In the past, the federal government had a program in place called Section 1011. This program designated funds to each state to help offset the cost of care for undocumented individuals. In Washington, this program ran out of federal funding in 2011. TRH also participated in this program.
As of December 31, 2015, outstanding Accounts Receivable (the amount owed to the hospital) breakdown is as follows:
||% of Total A/R
||Days Revenue in A/R
|Blue Cross (Commercial)
|Commercial (All Other)
While private pay gross revenues account for 7.27% of our total revenues, they account for 47% of our outstanding accounts receivable, or debt owed to the hospital. This is nearly half of our accounts receivable. It is important to note that the private pay amount owed to the hospital also includes the balances that patients owe after their insurance has paid. Many of our accounts have existing payment agreements. TRH also has dedicated staff to assist the community in signing up for insurances or other programs, and we also work with patients to complete applications for financial assistance for their hospital bills. Remember, state law mandates all hospitals to write off or discount the bills of a qualifying individual.
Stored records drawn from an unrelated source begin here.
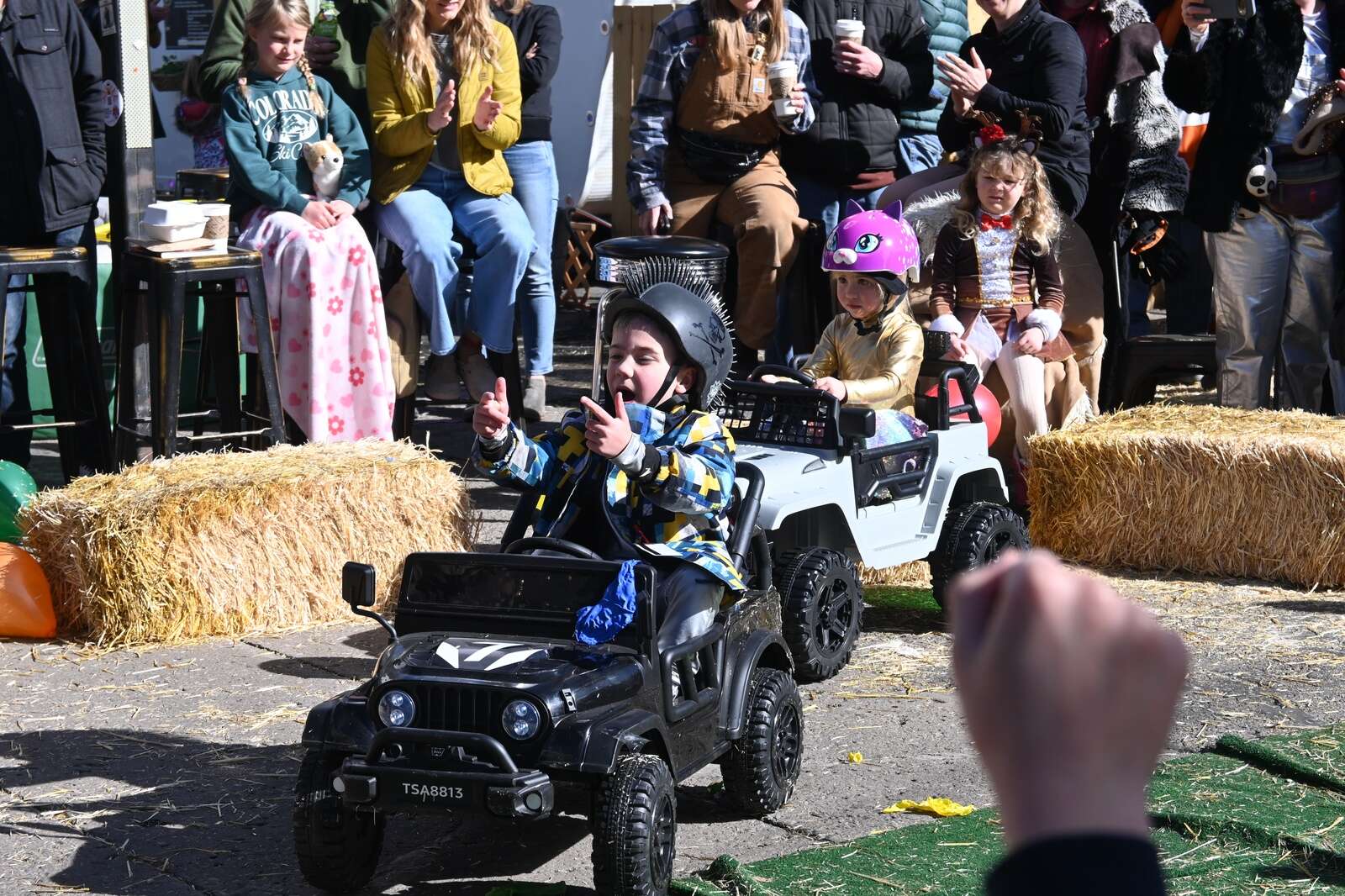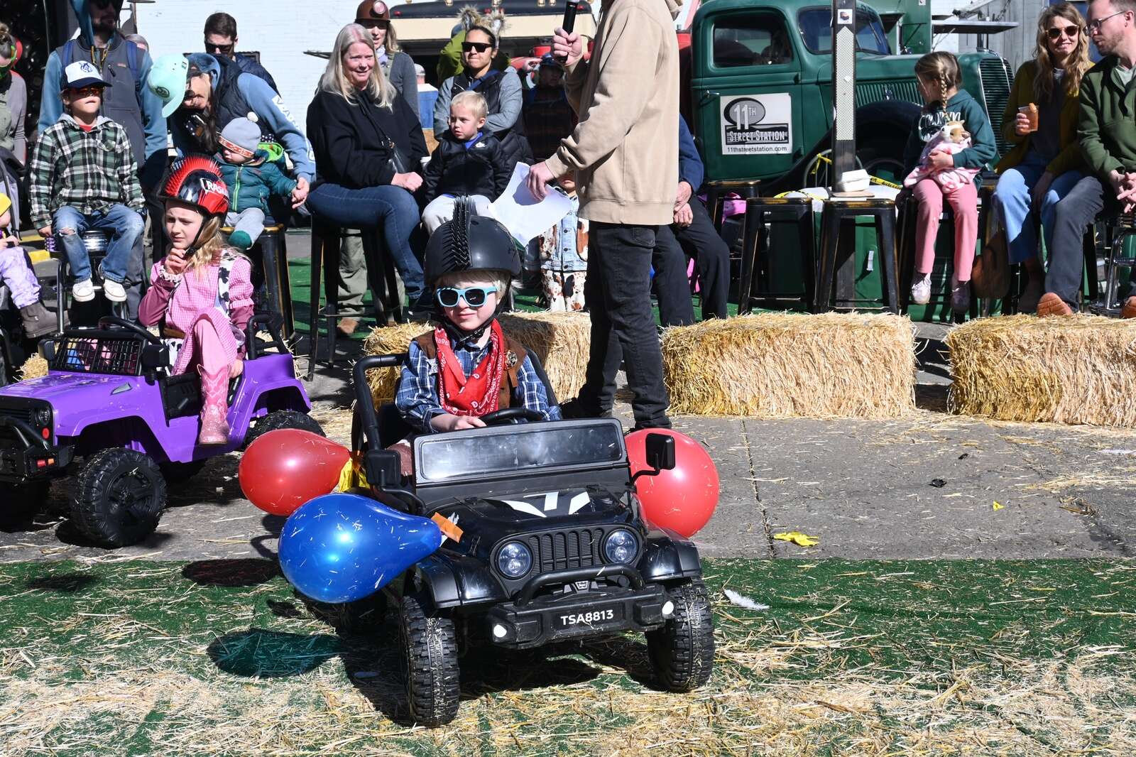 “I flipped over and popped a wheelie, and then I popped one balloon, and then another, and then one of Amara’s!” 6-year-old derby driver Wylin Willis said after leaving the hay-bale-enclosed track. Amara was one of Wylin’s competitors in his round of the derby.
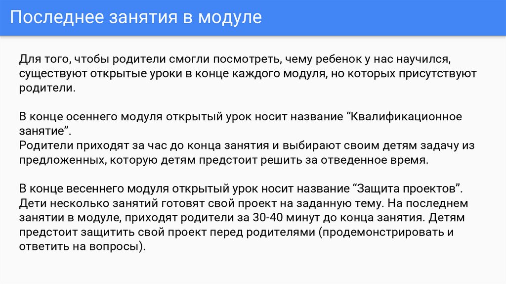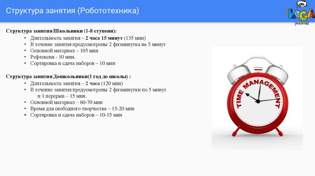 • Длительность занятия – 2 часа 15 минут (135 мин)
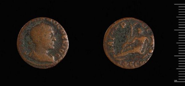 Curator: This is a sestertius of Alexander Severus, part of the Harvard Art Museums collection. Editor: There's such a tactile quality to this coin. It feels like holding a piece of history worn smooth by countless hands. Curator: Indeed. Coins like these were crucial tools for disseminating imperial propaganda. The portrait flattens the image of the emperor, and the goddess is intended to show the image of Salus. Editor: It’s incredible to think about the labor involved, from mining the metals to die-cutting and striking each coin. The creation of these bronze pieces tells its own story. Curator: Absolutely. The imagery used, the production of the coins, the distribution networks—all reflect the power structures and socio-political climate of the Roman Empire. Editor: Looking closely at the materials gives us some hints about the production of the coins at that time. Curator: A perfect example of the intersection between material culture and political ideology, don't you think? Editor: I do. It makes you think about what everyday objects say about our own time, as well.
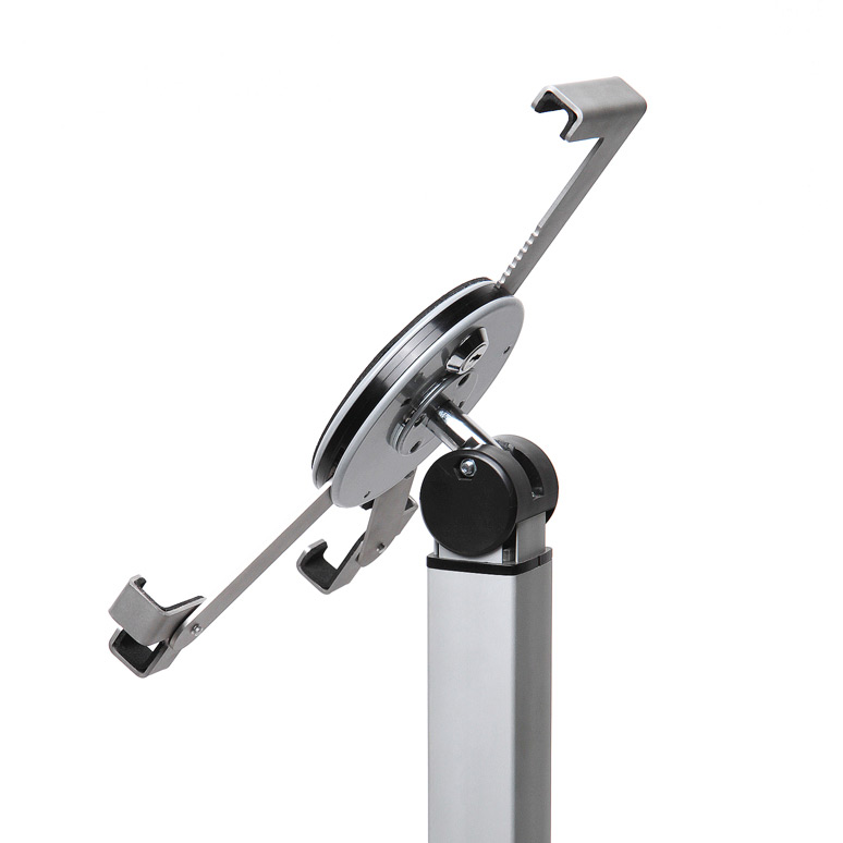 Tabletholder Trigrip gulv 13″ – sølv med et unikt låsesystem, er eksklusivt designet og skærmen kan vinkles i alle retninger og roteres 360 grader, så skærmen kan anvendes både på høj-og bredformat.
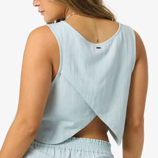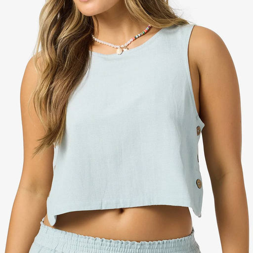 O'NeillStyle # SP2640411 This cute woven tank top features a skimmer length fit, functional side seam buttons, and wrapover back detail. Color: Cloud Blu...
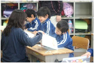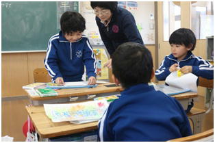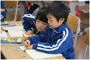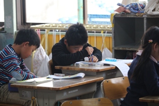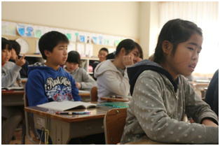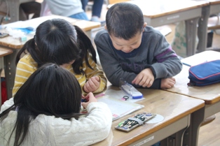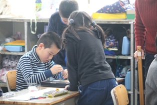 3年生の授業は算数です。一生懸命、コンパスを使っての学習です。真剣な表情です。
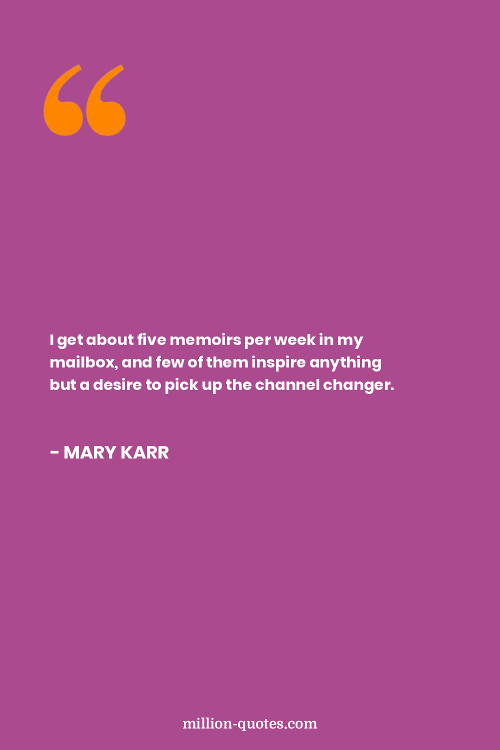 I get about five memoirs per week in my mailbox, and few of them inspire anything but a desire to pick up the channel changer.
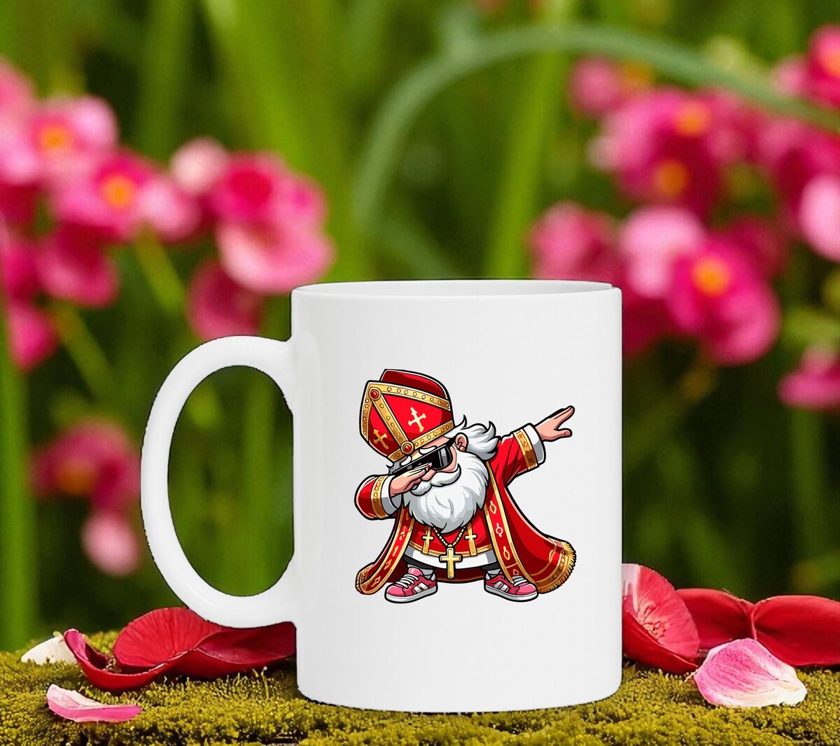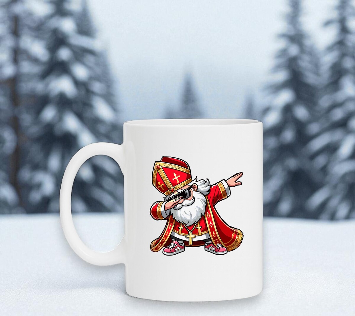 Mok met de opdruk van een morderne Sinterklaas in een dab beweging. De Sinterklaas mok is vaatwasserbestendig en heeft een hoogte van 96mm en een diameter van 80mm.
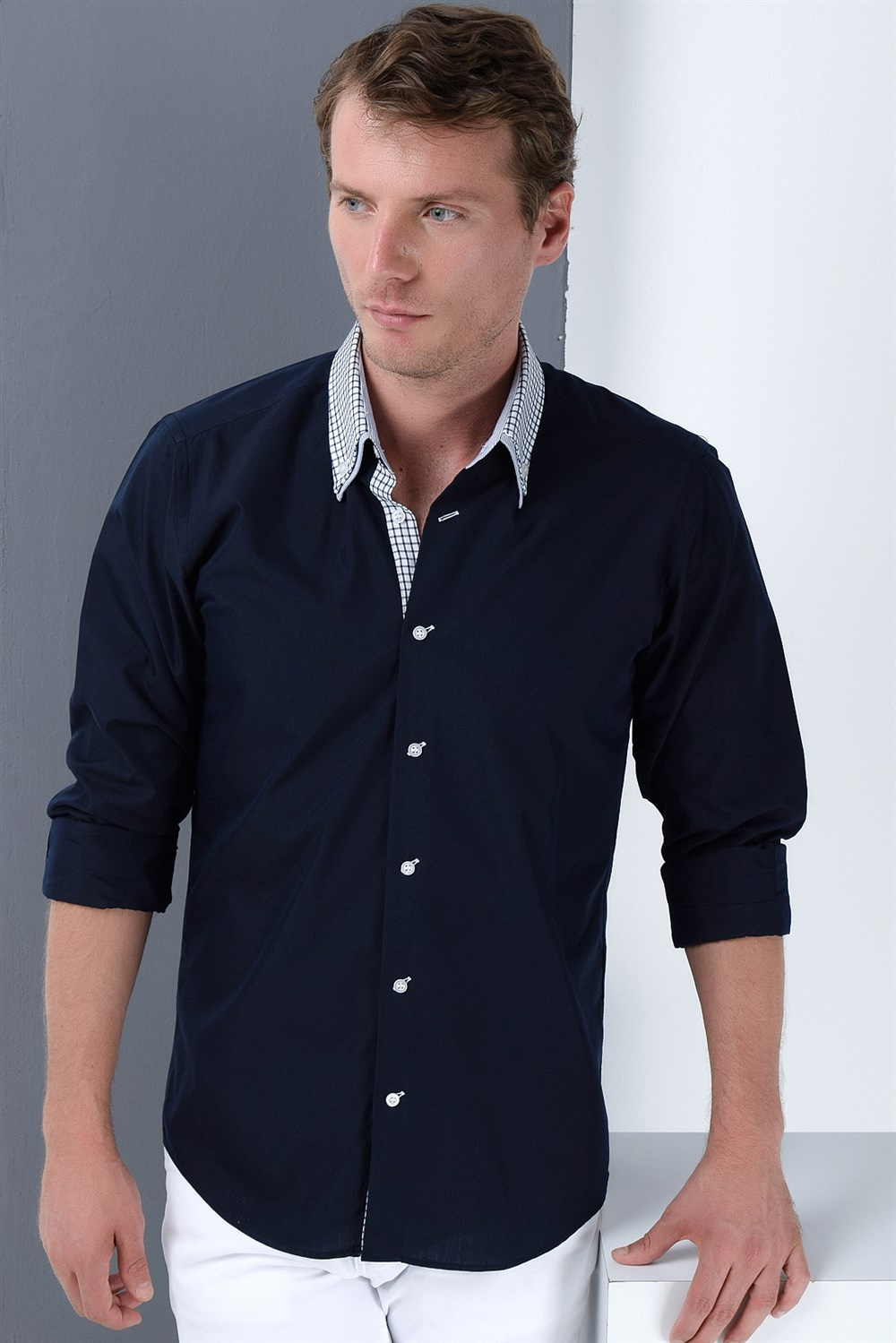 G692 DEWBERRY ERKEK GÖMLEK-LACİVERT-BEYAZ
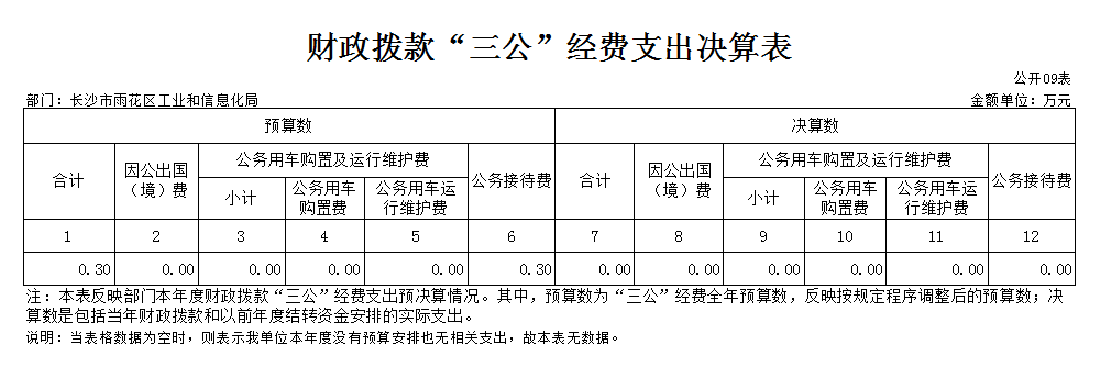 长沙市雨花区工业和信息化局2023年“三公”经费支出决算表
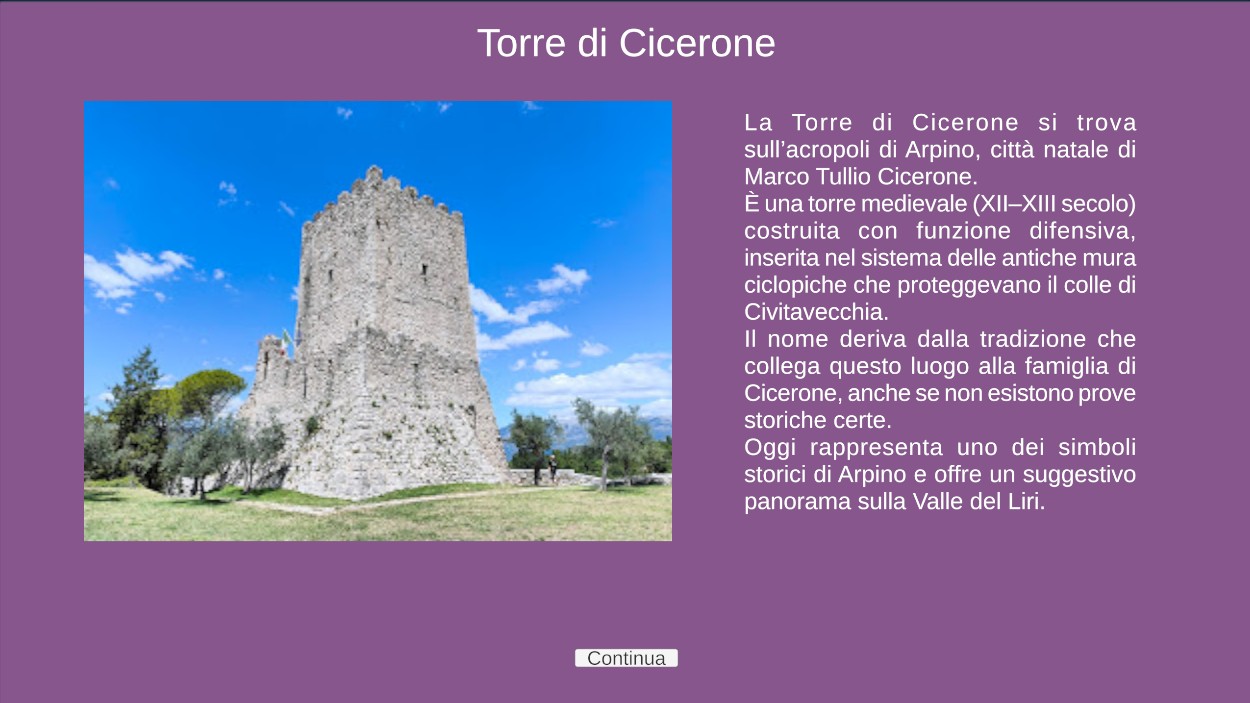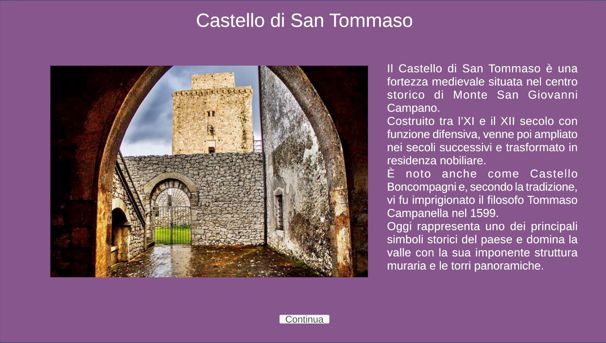 Un gioco educativo e coinvolgente ambientato a Monte San Giovanni Campano, in cui il giocatore viene guidato alla scoperta del territorio attraverso tre minipuzzle ispirati ai luoghi più rappresentativi del paese. Ogni sfida è legata a un ambiente reale e propone un puzzle che stimolano logica, osservazione e capacità di problem solving.

As an entity, we cannot deny care to any person regardless of their race or ability to pay.
TRH is a public hospital district. The source of most of the revenue received by public hospital districts is the same as for all other hospitals: private and public insurance. Also, as junior taxing districts, public hospital districts have statutorily-limited access to property tax dollars but these tax dollars represent a very small proportion of their total revenue. In 2015, Three Rivers Hospital was estimated to collect $1,258,962 from property taxes, which is about 6% of our total gross billed revenues.
The hospital has focused concentrated efforts over the past several years to determine the services that the patrons of our district utilize and need or like to see while at the same time, determining the financial feasibility of the service along with the utilization. We realize that our hospital district cannot be everything to everyone, and we must very strategically determine the services we can offer. Some services have been expanded, like the primary care clinic, while others have been sold or eliminated. No decision is taken lightly and we consider not only the finances of a service, but whether or not we can meet the government regulations that must be followed to offer a service.
The hospital has implemented several different reduction plans and we are now focusing on the Lean methodology to make our operations more efficient. TRH has made significant cost reductions and because we lacked the cash flow to fund capital improvements and equipment purchases, we now have several important needs. While we strive to be a more efficient facility, we know that in order to do this, we must invest in the building and equipment.
TRH has two Wildly Important Goals: to break even operationally and to provide the ideal patient experience. We continue to work on operationally breaking even so that the tax revenues we do collect can fund ongoing capital needs. We also feel very strongly that to provide the ideal patient experience, we need to improve our facility and equipment.